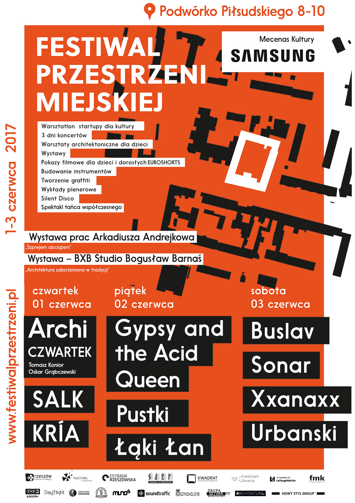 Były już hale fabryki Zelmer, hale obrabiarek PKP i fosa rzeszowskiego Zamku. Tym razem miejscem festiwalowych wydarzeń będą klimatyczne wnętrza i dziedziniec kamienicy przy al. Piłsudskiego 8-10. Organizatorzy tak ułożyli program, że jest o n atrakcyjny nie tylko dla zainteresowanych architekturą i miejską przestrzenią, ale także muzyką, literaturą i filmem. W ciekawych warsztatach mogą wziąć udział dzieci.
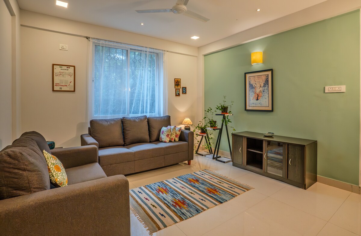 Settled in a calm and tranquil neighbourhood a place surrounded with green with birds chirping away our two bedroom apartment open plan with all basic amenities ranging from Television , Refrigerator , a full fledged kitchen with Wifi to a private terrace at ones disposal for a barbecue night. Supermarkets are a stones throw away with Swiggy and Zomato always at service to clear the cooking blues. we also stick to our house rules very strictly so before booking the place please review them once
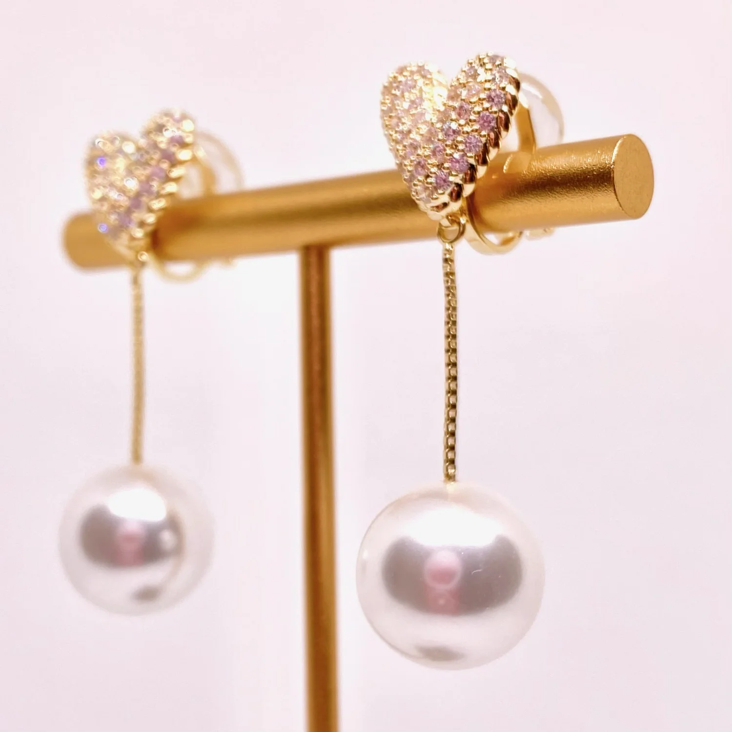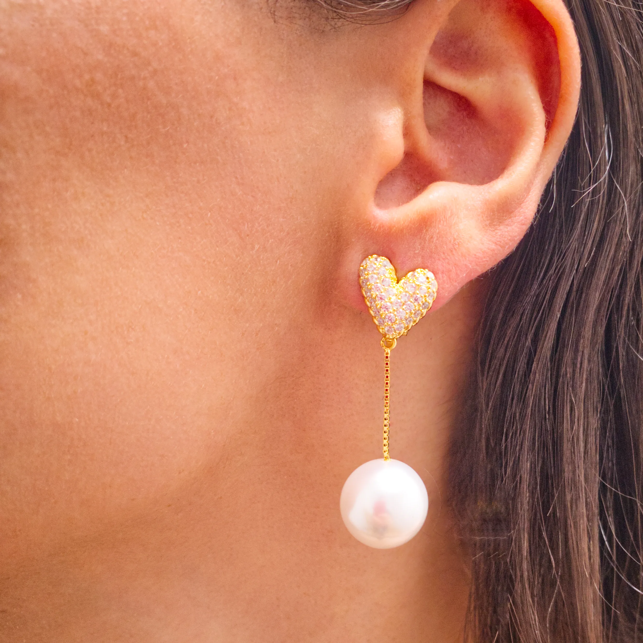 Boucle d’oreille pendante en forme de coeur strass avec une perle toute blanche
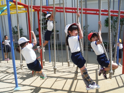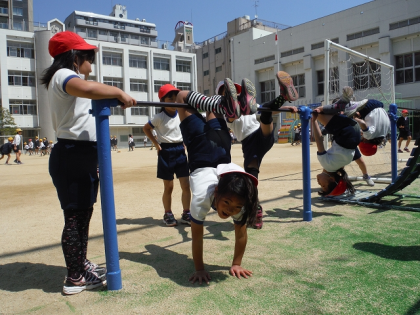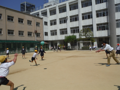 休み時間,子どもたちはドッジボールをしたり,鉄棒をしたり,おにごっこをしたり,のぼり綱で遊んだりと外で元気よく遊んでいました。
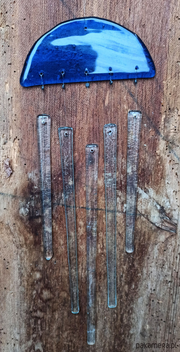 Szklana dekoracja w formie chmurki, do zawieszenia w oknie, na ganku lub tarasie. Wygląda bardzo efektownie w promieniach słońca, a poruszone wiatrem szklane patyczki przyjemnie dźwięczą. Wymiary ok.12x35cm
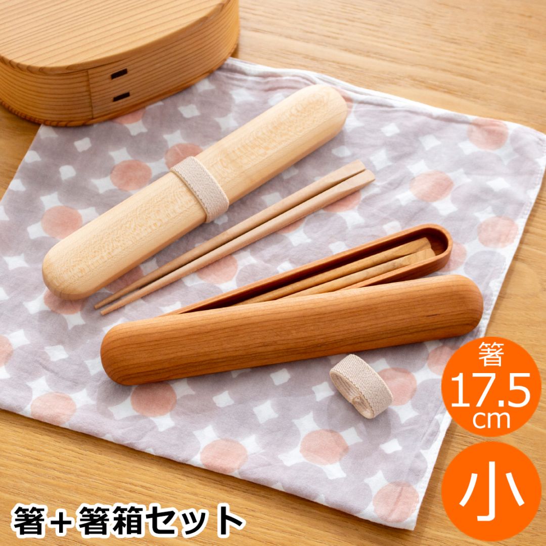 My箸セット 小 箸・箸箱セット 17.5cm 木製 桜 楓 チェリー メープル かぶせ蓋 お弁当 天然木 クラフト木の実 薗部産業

## Your objective
Here the lines from the one with "休み時間,子どもたちはドッジ" through the last line of the data above need to be repeated exactly, both included, and any picture omitted.

## Result of this exercise
 休み時間,子どもたちはドッジボールをしたり,鉄棒をしたり,おにごっこをしたり,のぼり綱で遊んだりと外で元気よく遊んでいました。
 Szklana dekoracja w formie chmurki, do zawieszenia w oknie, na ganku lub tarasie. Wygląda bardzo efektownie w promieniach słońca, a poruszone wiatrem szklane patyczki przyjemnie dźwięczą. Wymiary ok.12x35cm
 My箸セット 小 箸・箸箱セット 17.5cm 木製 桜 楓 チェリー メープル かぶせ蓋 お弁当 天然木 クラフト木の実 薗部産業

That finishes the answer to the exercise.